High-level ‘water talks’ with India from next month

Published March 21, 2017
ISLAMABAD: The Indian delegation led by India’s Indus Water Commissioner P.K. Saxena (left) holds talks with his Pakistani counterpart Mirza Asif Baig on Monday on water disputes between the two countries.—AP
ISLAMABAD: The Indian delegation led by India’s Indus Water Commissioner P.K. Saxena (left) holds talks with his Pakistani counterpart Mirza Asif Baig on Monday on water disputes between the two countries.—AP

ISLAMABAD: India has decided to return to the negotiating table with Pakistan over its disputed hydropower projects in April, following the intervention of the US and the World Bank.

Water and Power Minister Khawaja Mohammad Asif said on Monday that the two nations would hold three-day secretary-level talks on the Kishanganga and Ratle hydropower projects, under the aegis of the World Bank, in Washington from April 11.

Speaking on the sidelines of the two-day talks between Indus water commissioners from both sides, the minister, who also holds the portfolio for defence, welcomed the Indian decision to resume negotiations under the 1960 Indus Waters Treaty on the proposed Pakul Dal, Miyar and Lower Kalnai hydropower projects, disputed by Pakistan.

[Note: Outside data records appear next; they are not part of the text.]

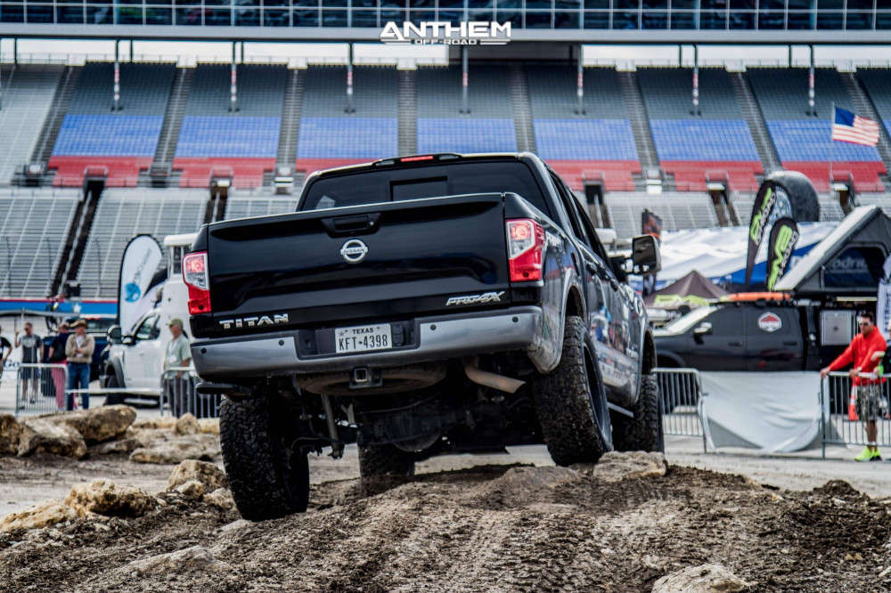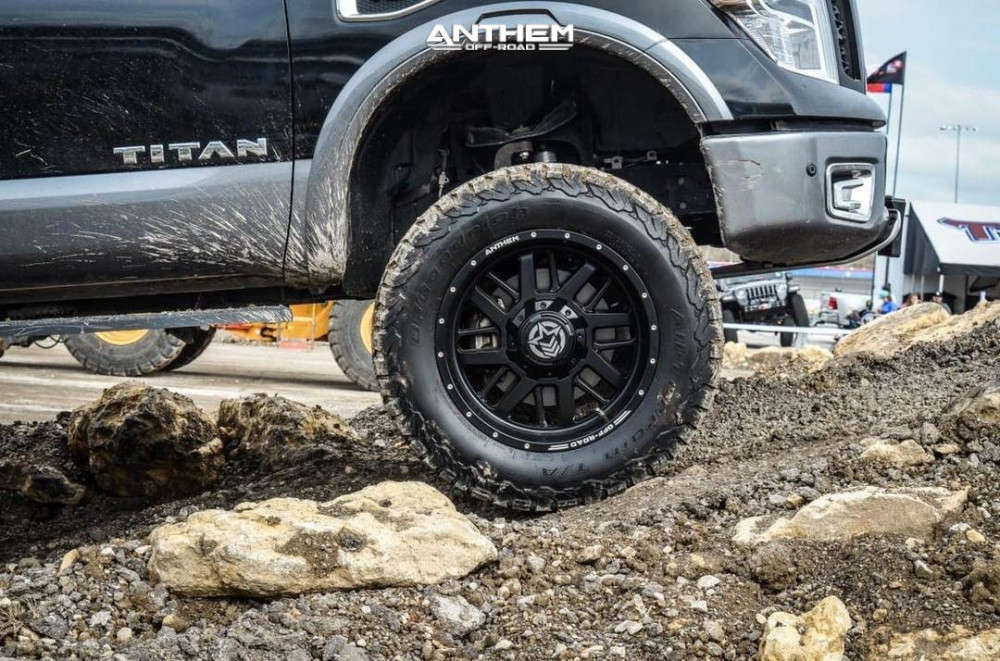 Yes they do! This 2017 Nissan Titan 4WD is running Anthem Off-Road Gunner 20x10 wheels, BFGoodrich All Terrain TA KO2 35"x12.5" tires with Rough Country Suspension Lift 6" suspension, and needs Minor metal trimming and has Slight rub at full turn. As you can see from the pics this wheel and tire combo can be done!** With this 2017 Nissan Titan, the stance is Aggressive > 1" outside fender. Also remember spacers impact fitment, this ride is running None in front and None in rear.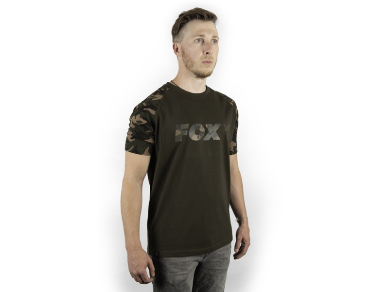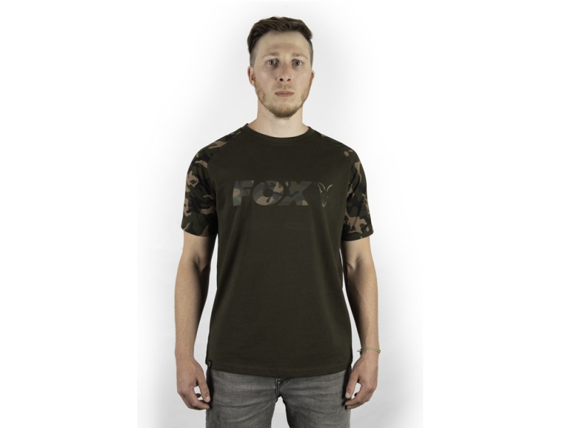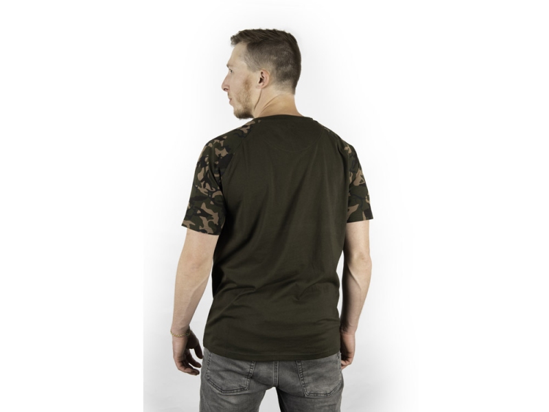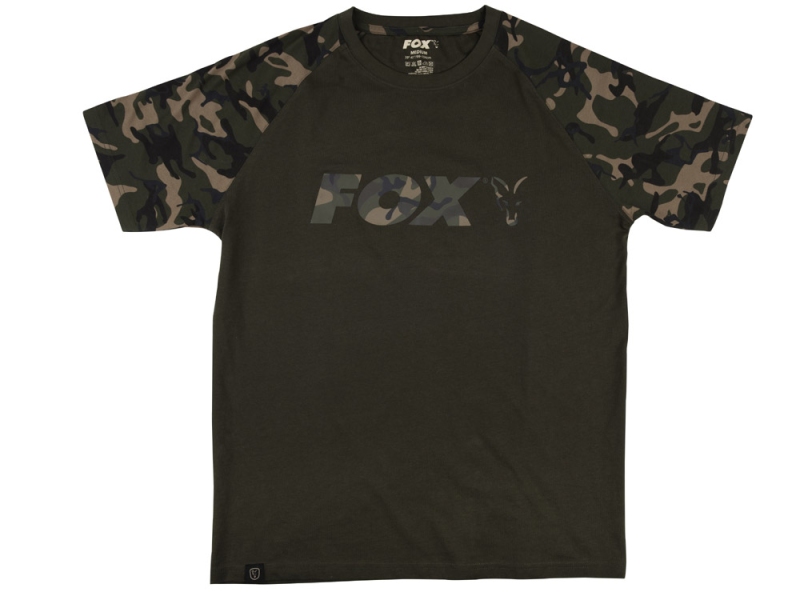 Tričko ve stylu Raglan má tělo v barvě Khaki, Fox Camo rukávy.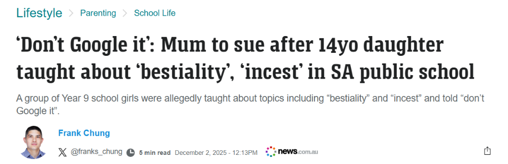 收藏澳洲一中学的讲座竟涉及兽交、乱伦内容!家长愤怒:这不是教育,是侵害!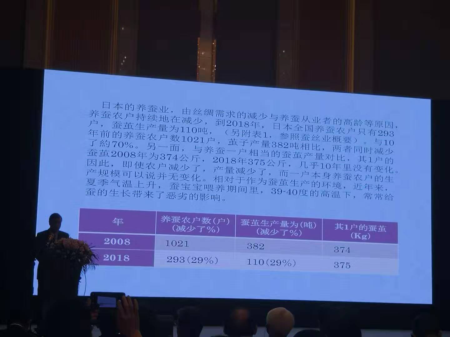日本的養(yǎng)蠶業(yè),由絲綢需求的減少與養(yǎng)蠶從業(yè)者的高齡等原因,養(yǎng)蠶農(nóng)戶持續(xù)地在減少,到2018年,日本全國養(yǎng)蠶農(nóng)戶只有293戶,蠶繭生產(chǎn)量為110噸,(另附表1,參照蠶絲業(yè)概要)。與10年前的養(yǎng)蠶農(nóng)戶數(shù)1021戶,繭子產(chǎn)量382噸相比,兩者同時減少了約70%。另一面,與養(yǎng)蠶一戶相當(dāng)?shù)男Q繭產(chǎn)量對比,其1戶的蠶繭2008年為374公斤,2018年375公斤,幾乎10年里沒有變化。因此,即使農(nóng)戶減少了,產(chǎn)量減少了,而一戶本身養(yǎng)蠶農(nóng)戶的生產(chǎn)規(guī)模可以說并無變化。相對于作為蠶繭生產(chǎn)的環(huán)境,近年來,夏季氣溫上升,蠶寶寶喂養(yǎng)期間里,39-40度的高溫下常常蠶的生長帶來了惡劣的影響。

“The US has intervened at the highest level to help both countries resolve the issue. There will be secretary-level talks on the Ratle and Kishanganga hydropower projects in Washington on April 11, 12 and 13,” he said at a press conference.


Khawaja Asif says US, World Bank helped bring India to the table; admits Kishanganga will affect power generation at Neelum-Jhelum


“We are happy that India has finally agreed to resume talks at the commission level. We welcome this decision and the visit of the Indian delegation,” he added.

The 10-member Indian delegation currently in Islamabad is led by Indian Indus Water Commissioner P.K. Saxena.

Khawaja Asif said Pakistan would be in a position to protect its rights on Ratle hydroelectric project, adding that the country’s stance had not been negated at any level. He refused to speculate whether or not the water talks could ultimately lead to the resumption of composite dialogue.

“We want that India should share the design of the three proposed projects, and if they hurt Pakistan’s interests, then objections will be raised at the appropriate forum; this is our right. Since the treaty was signed, 116 project inspection visits have been undertaken,” he said.

Pakistan has been protesting over the design and construction of the two projects — the 330MW Kishanganga hydroelectric project and the 850MW Ratle hydroelectric project in India-held Jammu and Kashmir. Islamabad has been demanding international arbitration through the World Bank — the so-called guarantor of the 1960 treaty.

The minister said Pakistan had decided to seek international arbitration following the failure of secretary-level talks on Ratle on July 14-15 in New Delhi.

Pakistan, he said, had objection over the project design. The minister claimed that the World Bank-sponsored International Court of Arbitration had given its verdict in Pakistan’s favour over the Kishanganga project and Islamabad was now demanding that it be implemented.

A former water and power secretary, however, disagreed. He was of the opinion that Islamabad’s main objection over the diversion of the river waters by India was not entertained by the International Court of Arbitration because authorities could not establish through evidence its water uses from the Line of Control to Muzaffarabad.

The minister, however, conceded that Kishanganga would affect the generation capacity of the 969MW Neelum-Jhelum Hydropower plant, which is located downstream of the proposed Indian project, by about 10pc.

The minister said the two-day talks on 1,000MW Pakul Dal, 120MW Miyar and 48MW Lower Kalnai projects would be led from the Pakistani side by Mirza Asif Beg, Pakistan’s Indus Water Commissioner.

He said India had not shared the design of these projects with Pakistan, as required under the treaty, adding that Islamabad had serious reservations over these projects and believed they would give India the capacity to impede water flows to Pakistan.

He said Pakistan always believed the accord was one of the few international treaties capable of resolving serious disputes over water reservoirs through peaceful means and sanctity of the treaty and resolutions of dispute though this was in the interest of the two nations.

In July 2016, a high-level delegation headed by the water and power secretary had visited New Delhi to discuss these projects, but India’s inflexible attitude resulted in their failure to reach a conclusion. After this, Pakistan decided to approach the Permanent Court of Arbitration against India.

Last September, Pakistan approached the World Bank when Indian Prime Minister Narendra Modi threatened to revoke the 56-year-old treaty following the Uri attack.

Under the treaty, the World Bank has an important role in establishment of the Court of Arbitration.